Not all networks need subnets, meaning they use the default subnet mask. This is basically the same as saying that a network doesn’t have a subnet address.
The following table shows the default subnet masks for Class A, B, and C. These default masks cannot change. In other words, you can’t make a Class B subnet mask read 255.0.0.0. If you try, the host will read that address as invalid and usually won’t even let you type it in. for a Class A network, you can’t change the first byte in a subnet mask; it must read 255.0.0.0 at a minimum.

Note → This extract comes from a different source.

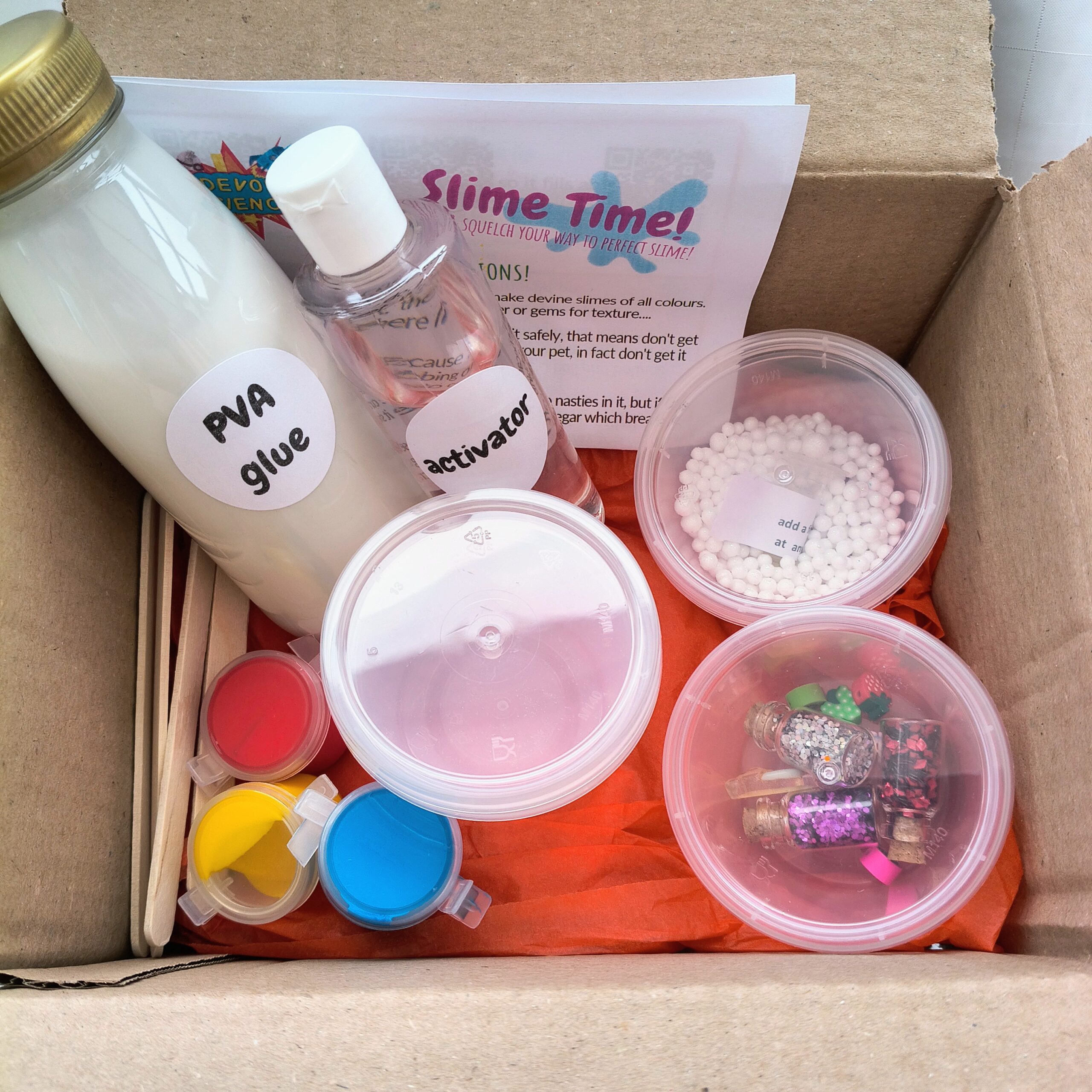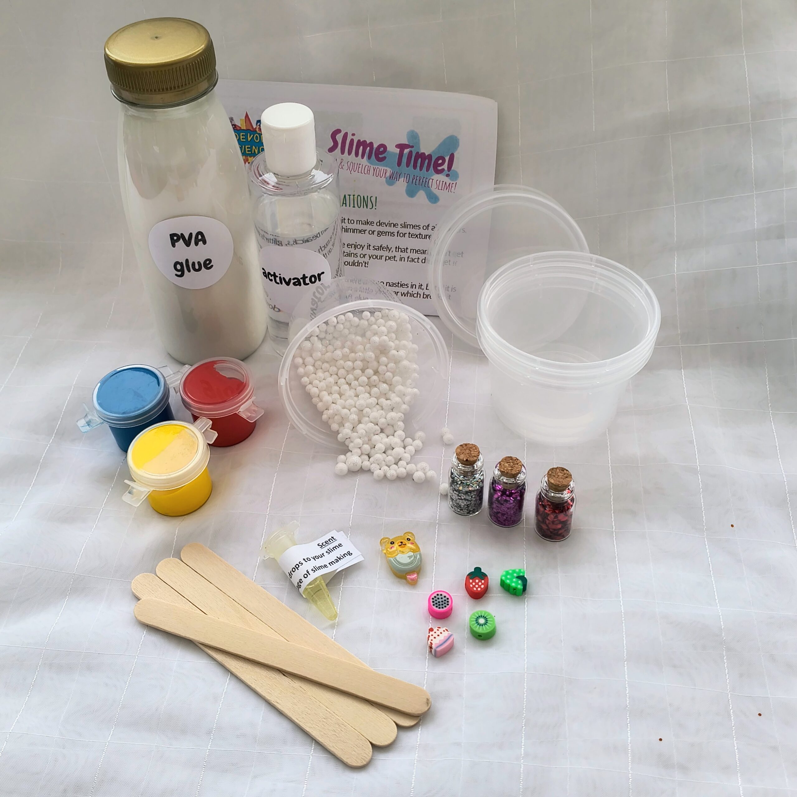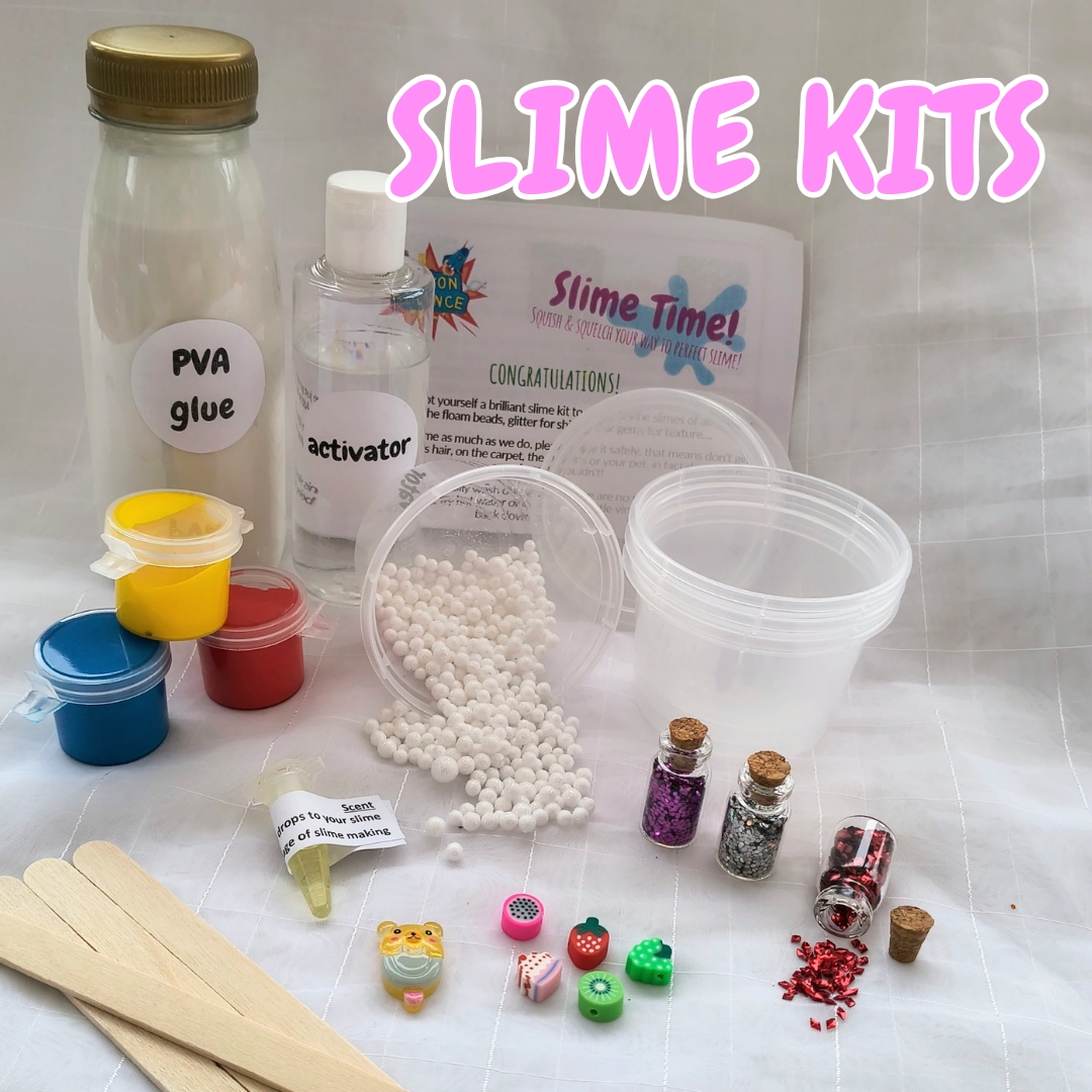 All you need for slime! With this kit, you have everything you need to make colourful, textured slimes such as floam-slime, beaded slime, scented, jelly & glittery slime. Instructions included with links to our online slime-making and science tutorials.

Similarly, you cannot assign 255.255.255.255, as this is all 1s broadcast address. A Class B address must start with 255.255.0.0 and a Class C has to start with 255.255.255.0.
| Class | Format | Default Subnet Mask |
| A | network.node.node.node | 255.0.0.0 |
| B | network.network.node.node | 255.255.0.0 |
| C | network.network.network.node | 255.255.255.0 |
Classless Inter-Domain Routing (CIDR)
Another term you need to familiarize yourself with is Classless Inter-Domain Routing (CIDR). It’s basically the method that ISPs (Internet service providers) use to allocate a number of addresses to a company, a home or a customer. They provide addresses in certain block size, something I’ll be going into greater detail later in this article.
When you receive a block of addresses from an ISP, what you get will look something like this: 192.168.10.32/28. This is telling you what your subnet mask is.
The slash notation (/) means how many bits are turned on (1s). obviously, the maximum could only be 32 because a byte is 8 bits and there are 4 bytes in an IP address. But keep in mind that the largest subnet mask available regardless of the class of address can only be a 30 because you’ve got to keep at least 2 bits for host bits.
Take, for example, a Class A default subnet mask, which is 255.0.0.0. This means that the first byte of the subnet mask is all one (1s), or 11111111. When referring to a slash notation, you need to count all the 1s bits to figure out your mask. The 255.0.0.0 is considered an 8 because it has 8 bits that are small 1s that is, 8 bits that are turned on.
A Class B default mask would be 255.255.0.0 which is a /16 because 16 bits are one (1s).
11111111.11111111.00000000.00000000| Subnet Mask | CIDR value |
| 255.0.0.0 | /8 |
| 255.128.0.0 | /9 |
| 255.192.0.0 | /10 |
| 255.224.0.0 | /11 |
| 255.240.0.0 | /12 |
| 255.248.0.0 | /13 |
| 255.252.0.0 | /14 |
| 255.254.0.0 | /15 |
| 255.255.0.0 | /16 |
| 255.255.128.0 | /17 |
| 255.255.192.0 | /18 |
| 255.255.224.0 | /19 |
| 255.255.240.0 | /20 |
| 255.255.248.0 | /21 |
| 255.255.252.0 | /22 |
| 255.255.254.0 | /23 |
| 255.255.255.0 | /24 |
| 255.255.255.128 | /25 |
| 255.255.255.192 | /26 |
| 255.255.255.224 | /27 |
| 255.255.255.240 | /28 |
| 255.255.255.248 | /29 |
| 255.255.255.252 | /30 |
The /8 through /15 can only be used with Class A network addresses. /16 through /23 can be used by Class A and Class B network addresses. /24 through /30 can be used by Class A, B and C network addresses. This is a big reason why most companies use Class A network addresses since they can use all subnet masks, they get maximum flexibility in network design.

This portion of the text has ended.